Productivity as Diversion

Just to be is a blessing.
RABBI ABRAHAM JOSHUA HESCHEL

I have an hour to myself now.

White wine, and blueberries. And noise-cancelling headphones, because the roofers are still laying the new shingles in neat and shiny rows. I am completely aware of the decadence on display in those sentences. And in the fact that we were able to run this morning on the nearly deserted beach.

I found myself thinking it was unusually quiet, and then realized it was unusually quiet. The weather is soft today, so the waves roll in quietly. But the real difference is that there are far fewer planes coming in to land on the other side of the dunes.

Sometimes we don’t know what we are missing until we have it.
Things like quiet.

We ran past a young woman who stopped and tried to distract her new puppy, with it’s huge paws and boundless curiosity: “What are they running toward?”
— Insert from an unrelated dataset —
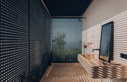Villa V sits on a sloped site, with the upper floor featuring the spacious master bedroom. Here, you also find the big pool, the kitchen/living room with its massive sunken sofa, and large open areas to relax. On the lower floor, you see the two bedrooms with studies and private bathrooms to give all guests privacy when needed.

I think about anticipation. About Christmas mornings, and secret desires. Isn’t that what we are running toward? Isn’t that what we need to cling to: the belief that something good is around the bend, even if you just passed that way minutes ago –

a tern has landed and now runs back and forth with the tide,
a piece of driftwood shaped like dragon’s head has either just washed ashore,
or you missed it before while laughing –
or tripping in the soft sand

I inhale: one, two. And exhale: one, two, three, four. A rhythm takes over and movement seems effortless. No pushing. Everything is breath, and the world is autonomic: the gusts of wind, the flow of the tides, the beating of the seagull’s wings – each individual, all complementary.

It has been a long time since I’ve felt this calm.

If this were a private diary I would be writing about sex now. About hormone patches, and accepting these new lessons of physical pain, as the lessons of youth’s psychological pains are past.

Passed, even.

It’s Monday in the autumn break and I have an ambitious list of accomplishments to tick off this week. I also know that I am not going to do even half of them. Though I expect I will manage to fold the laundry, if for no other reason but to keep the peace.

To be completely honest, I keep finding more things to put on that list so I will have an excuse not to do the one single thing that I am afraid to do.

There’s a book in the making. Too long “in the making”.
Even while the planes are grounded, and the classrooms are locked, it is easy to find distractions in a list of tasks that need doing.

Oh, this is hard to avoid, but: I find myself “waiting for Christmas”.